Сначала пряные запахи блюд, готовившихся на кухне, вызывали у меня тошноту, но на следующий день я привыкла и к ним. В сущности, я ожидала их, поскольку члены семьи предложили мне присоединиться к их столу и разделить с ними трапезу – кускус и баранину, тушенную с кориандром и тмином.
Я стала довольно эмоциональной – мадам Роза предупреждала меня об этом – в результате беременности и гормонов, поэтому когда мадам Насри спросила о цели моего приезда во Францию, разразилась слезами. Похоже, у меня выдался год слез: сначала из-за смерти матери, а теперь – из-за будущего ребенка.
Мадам Насри тоже заплакала из сочувствия ко мне, вытирая лицо уголком передника, покрытого желтыми пятнами от куркумы.
– Жизнь очень тяжела, – простонала она. – Я согласна. Но и хороша, да? Очень хороша.

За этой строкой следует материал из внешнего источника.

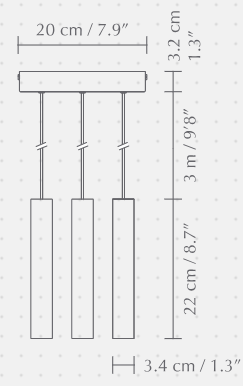 Die Inspiration für Chimes Cluster 3 sind die zarten Linien, die im dichten Wald vorhanden sind, wo die Bäume nahe beieinander werden. Diese Lampen haben so konzipiert, dass die schlankste Form wie möglich erreicht wird, und haben einen Scheinwerfereffekt, der das Licht genau dort zusammenbringt, wo es benötigt wird.
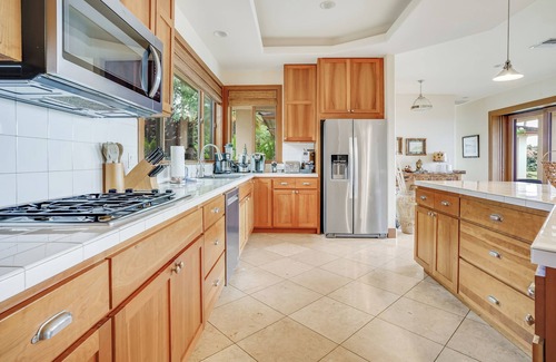 Perched on four lush acres in Launiupoko, this gated estate blends the comfort of a secluded retreat with the feel of a boutique resort. Outside, ocean views stretch toward Moloka’i and Lana’i on the horizon. The main house sleeps 7 across three ensuite bedrooms (plus a bonus child’s room), and the detached 2BR cottage adds space and privacy for your crew. Espresso maker in the kitchen, hammock in the yard, and 30,000 sq ft of fresh fruit trees outside.
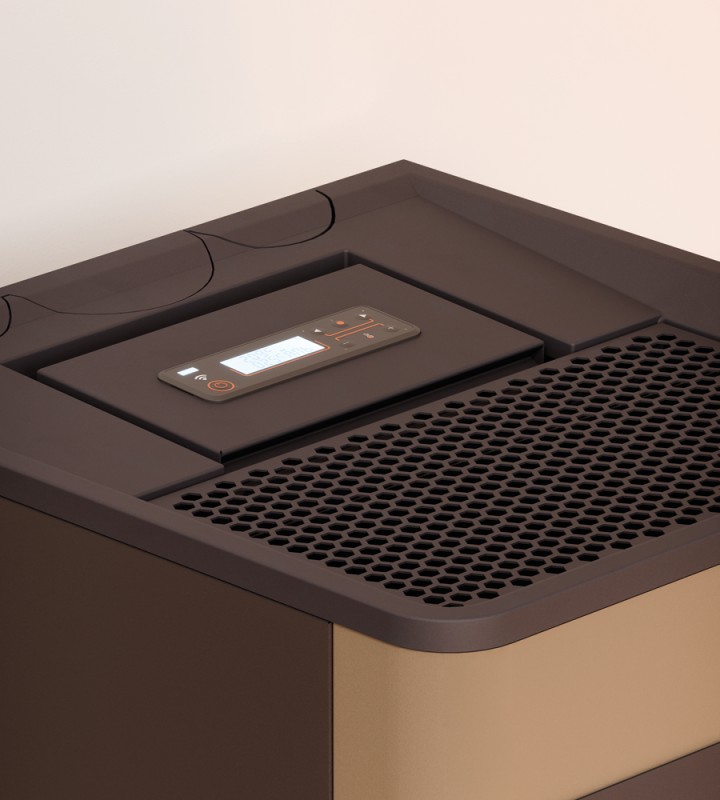 Een nieuwe geventileerde pelletkachel, met een breed glas, een bovenblad met een innovatief ontwerp en een breed scala aan afwerkingen waardoor hij gemakkelijk aan elke omgeving kan worden aangepast. 5-sterren verbrandingskamer, GoFast-snelontsteking en Flexit-technologie, voor meer veelzijdigheid als het gaat om rookuitstoot.
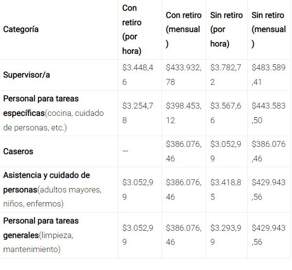 El esquema vigente establece que el personal con retiro cobra $3.052,99 por hora, mientras que quienes trabajan sin retiro perciben $3.293,99. Estas cifras corresponden al salario básico y, en la práctica, suelen ser superiores, ya que los valores reales pagados en el mercado oscilan entre $6.000 y $8.000 por hora, según la localidad y la carga horaria.
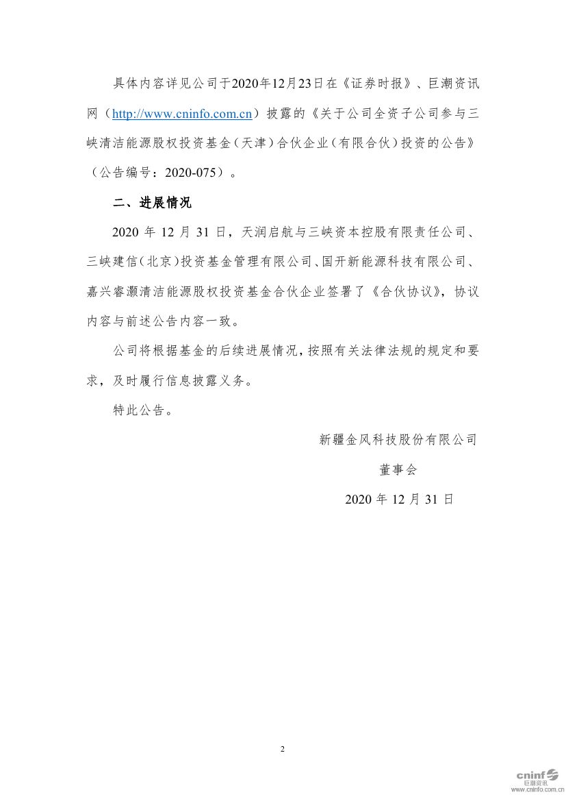 北极星风力发电网获悉,金风科技于2020年12月22日审议通过了《关于天润启航投资管理有限公司作为有限合伙人向三峡清洁能源股权投资基金(有限合伙)出资及新设基金管理公司的议案》。

– Да, очень хороша, – согласилась я.
В отличие от мадам Розы, имевшей шпионскую склонность вытягивать из собеседника все секреты и намерения, мадам Насри не задавала вопросов и не искала ответов. Если я плакала, она плакала вместе со мной, а потом возвращалась на кухню. Если я смеялась, она тоже – а потом возвращалась на кухню. Если мадам Роза заполняла нашу короткую дружбу женской болтовней, то мадам Насри предпочитала молчание.
– Она готовит целыми днями, – сказал мне Самир, один из ее сыновей. – Она из Магриба, маленького поселка на краю пустыни. Там, в Магрибе, французы плохо обращались с ее близкими.

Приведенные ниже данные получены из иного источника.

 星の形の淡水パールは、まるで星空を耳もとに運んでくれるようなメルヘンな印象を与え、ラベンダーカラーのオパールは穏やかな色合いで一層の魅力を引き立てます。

Самир, высокий симпатичный юноша с волнистыми черными волосами и такими же темными пронизывающими глазами, как у Пикассо, приближался к тридцатилетию и еще не женился, о чем его мать часто упоминала за столом. Но у Самира были другие планы. Он объяснил их мне, когда пришел в мою комнату, чтобы починить заевшее окно. Он работал помощником официанта в ресторане «Максим» еще с довоенных времен и во время войны, когда ему приходилось убирать за немецкими офицерами, которые практически захватили это место. Он жил с родителями в силу традиции, но и потому, что экономил деньги и собирался открыть собственный ресторан.
– Когда-нибудь, если мама доживет, она будет работать у меня, – сказал он. – В моем ресторане.

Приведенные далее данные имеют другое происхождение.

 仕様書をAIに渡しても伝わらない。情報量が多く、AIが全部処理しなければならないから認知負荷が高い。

Его мать заглянула в комнату, чтобы проверить, как продвигается работа с окном. И, подозреваю, чтобы убедиться, что мы ведем себя прилично. В отличие от мадам Розы, мадам Насри считала подозрительным, что я путешествую одна.
– Готовить в ресторане? Никогда! – заявила она. – Чтобы парижане потешались над моей едой? Ха! Достаточно того, что они останавливают меня на улице и регулярно требуют предъявить медицинскую карточку. Они хотят убедиться, что я не болею туберкулезом и что мои документы в порядке. Готовить для них? Нет! А ты женишься, Самир, и заведешь детей. Я буду готовить для них.
Самир скорчил гримасу за ее спиной и еще раз толкнул упрямую раму ладонью. Окно скользнуло вверх, и порыв ветерка быстро освежил маленькую комнату. Мистраль не последовал за мной из Прованса, но в Париже имелись собственные осенние ветры, которые могли бы посоперничать с ним. И сегодня городской ветер принес запахи хлебных дрожжей и автомобильных выхлопов. От последнего мне снова стало нехорошо, и я опустилась на кровать, глядя в потолок: это была еще одна рекомендация мадам Розы на случай тошноты.